Your output should be exactly the lines from the one containing "In una stazione" through the final line of the following data, please, with no pictures.

#### [GIVEN RECORDS]
*** Block opens ***

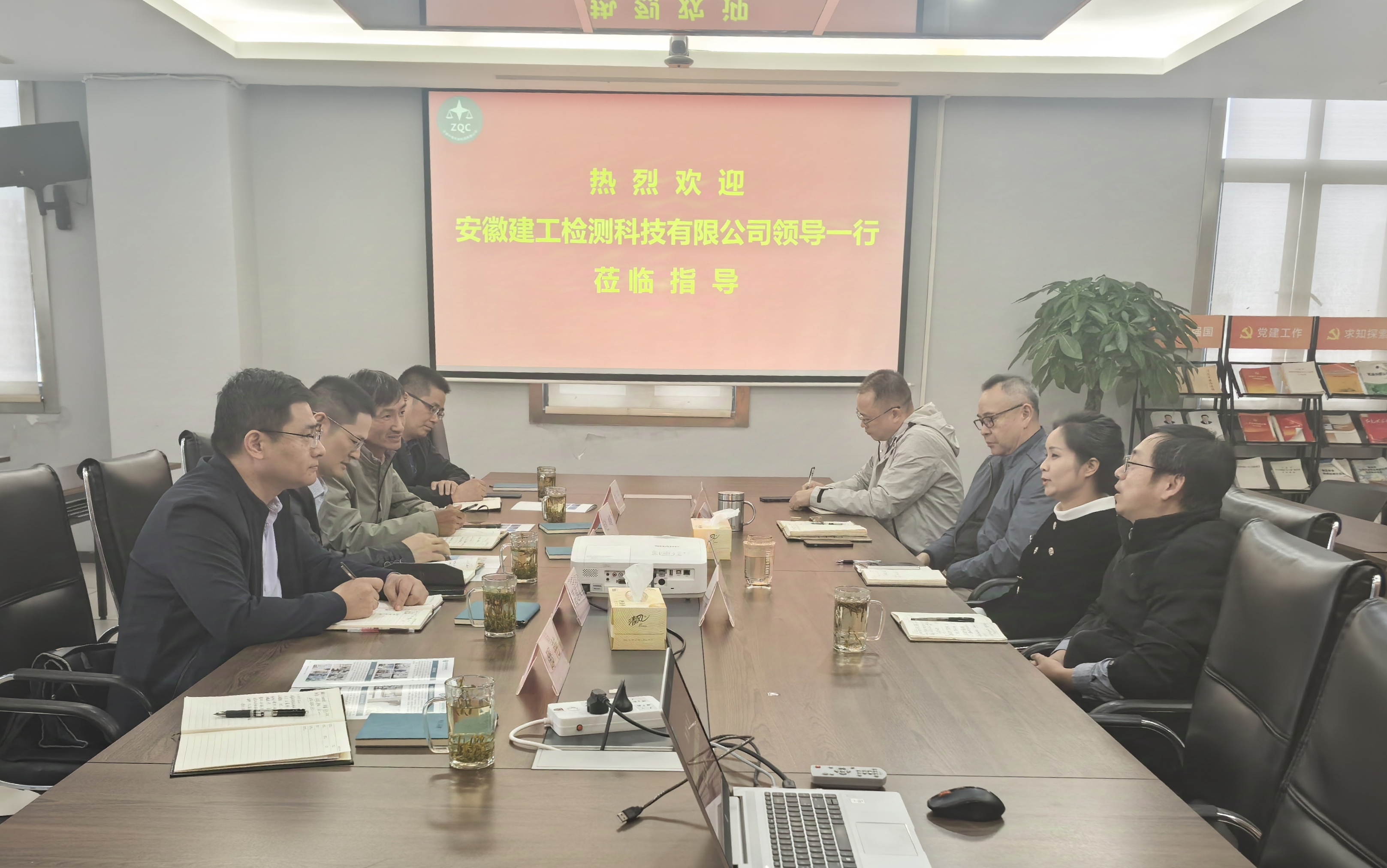 安徽中青公司領導陳戈、宋誠云,建工檢測領導趙峰、葛道文,雙方相關部門負責同志參加此次調研活動。
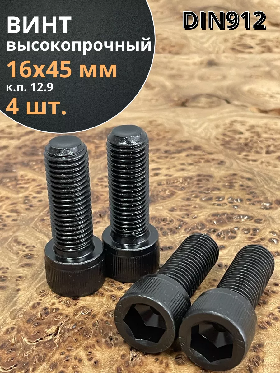 Винт высокопрочный ПР М16х45 мм к.п.12.9 черный DIN912, 4 шт.
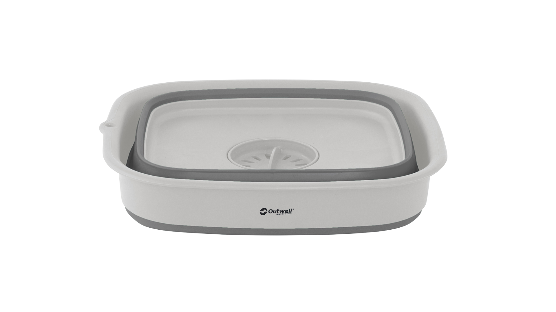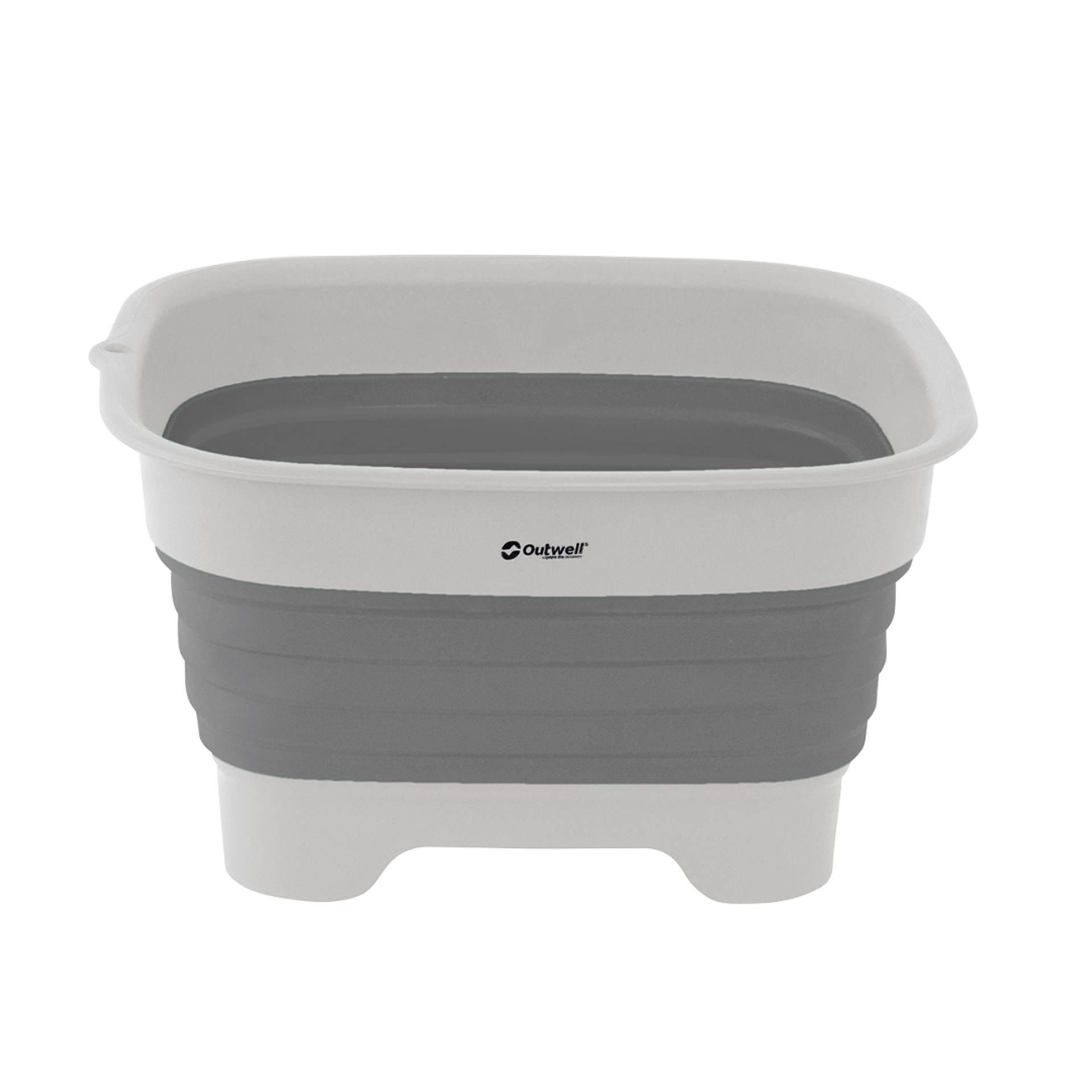 Outwell Collaps W Grey Mist je praktické skládací umývadlo s výpustí, které se po použití zcela složí naplocho, čímž výrazně šetří místo při přepravě nebo skladování. Je ideální pro mytí nádobí po jídle v kempu, na chatě nebo i při pikniku, kde není k dispozici klasický dřez.
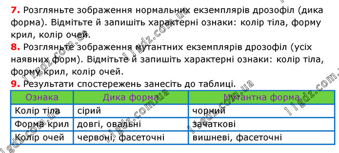 7. Розгляньте зображення нормальних екземплярів дрозофіл (дика форма). Відмітьте й запишіть характерні ознаки: колір тіла, форму крил, колір очей. 8. Розгляньте зображення мутантних екземплярів дрозофіл (усіх наявних форм). Відмітьте й запишіть характерні ознаки: колір тіла, форму крил, колір очей. 9. Результати спостережень занесіть до таблиці.
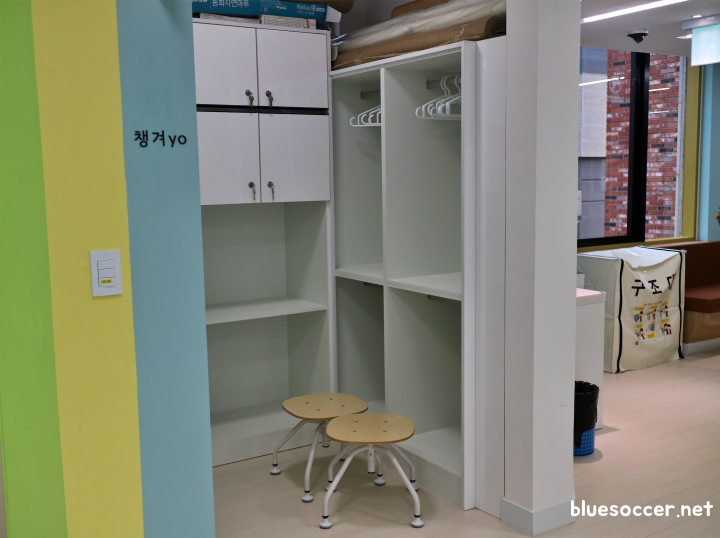 4층으로 내려갔더니 물건과 의류 보관하는 공간이 있습니다. 이러한 공간은 다른 층에도 있습니다. 그래서인지 거점 3호 센터의 전반적인 분위기가 더욱 깨끗하게 보였습니다. 아동 입장에서는 정리정돈에 대하여 배울 수 있기 때문에 알고보면 유익한 공간이라 할 수 있습니다.
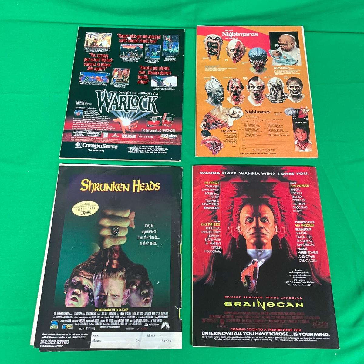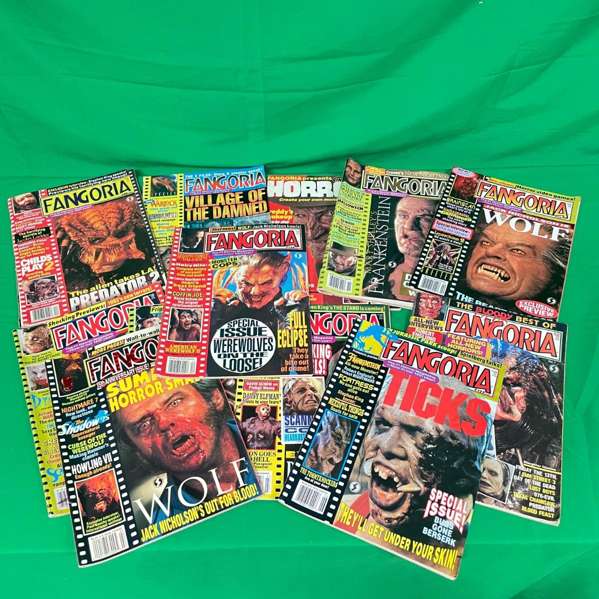 Eleven issues of Fangoria stretching from volume 7 in 1988 to volume 143 in 1995 including the 15th Anniversary issue. Lot also includes volume 1 of Horror FX from 1989 and volume 1 Fangoria Horror Video from 1988. See images. Items are sold as-is. No returns or refunds. Please bid accordingly.
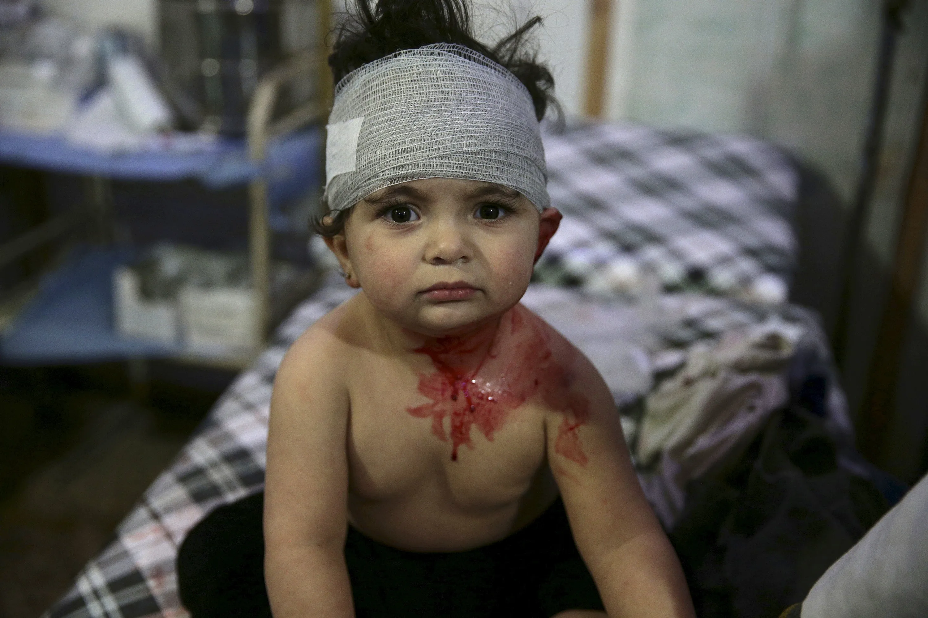An injured child sits inside a field hospital, after what activists said was shelling by forces loyal to Syria's President Bashar al-Assad, in the Douma neighborhood of Damascus, Syria November 29, 2015. (Photo by Bassam Khabieh/Reuters)
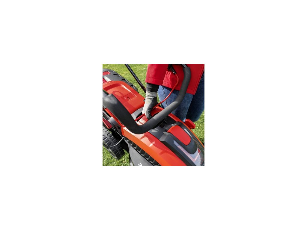 - Pohodlnou práci zajišťuje také centrální 6-ti polohové nastavení výšky sečení (25-75 mm) a integrovaná rukojeť.
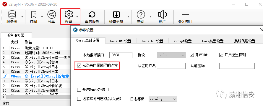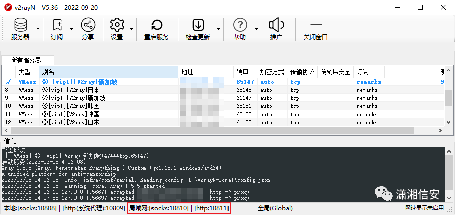项目地址:https://github.com/2dust/v2rayN这时软件界面的底部会显示局域网的socks/http代理端口socks:10810、http:10811,命令行下可以看到0.0.0.0开启了这两个端口。
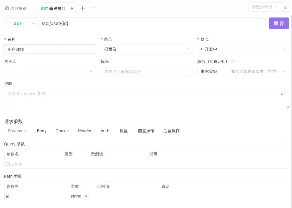 這邊以創建用户詳情接口為例來展示創建接口的功能。
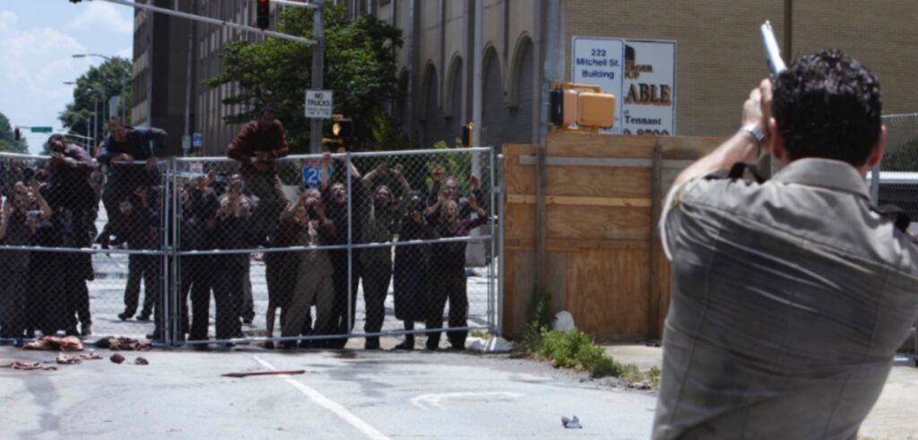 In una stazione di servizio della Georgia, Rick Grimes (Andrew Lincoln) vede una bambina (Addy Miller) raccogliere un orsacchiotto da sotto un’auto. Solo quando la bambina si gira, Rick capisce che si tratta di uno zombie, che abbatte con un proiettile alla testa.
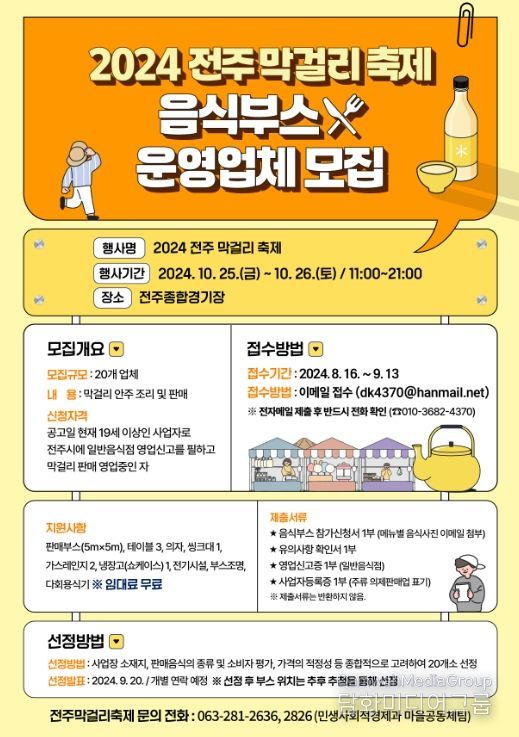 전주시는 오는 10월 25일부터 26일까지 이틀간 전주종합경기장 일원에서 개최되는 ‘2024 전주막걸리 축제’에서 음식부스를 운영할 참여업체를 16일부터 한 달 동안 공개 모집한다.

*** Block closes ***

#### [TASK OUTPUT]
 In una stazione di servizio della Georgia, Rick Grimes (Andrew Lincoln) vede una bambina (Addy Miller) raccogliere un orsacchiotto da sotto un’auto. Solo quando la bambina si gira, Rick capisce che si tratta di uno zombie, che abbatte con un proiettile alla testa.
 전주시는 오는 10월 25일부터 26일까지 이틀간 전주종합경기장 일원에서 개최되는 ‘2024 전주막걸리 축제’에서 음식부스를 운영할 참여업체를 16일부터 한 달 동안 공개 모집한다.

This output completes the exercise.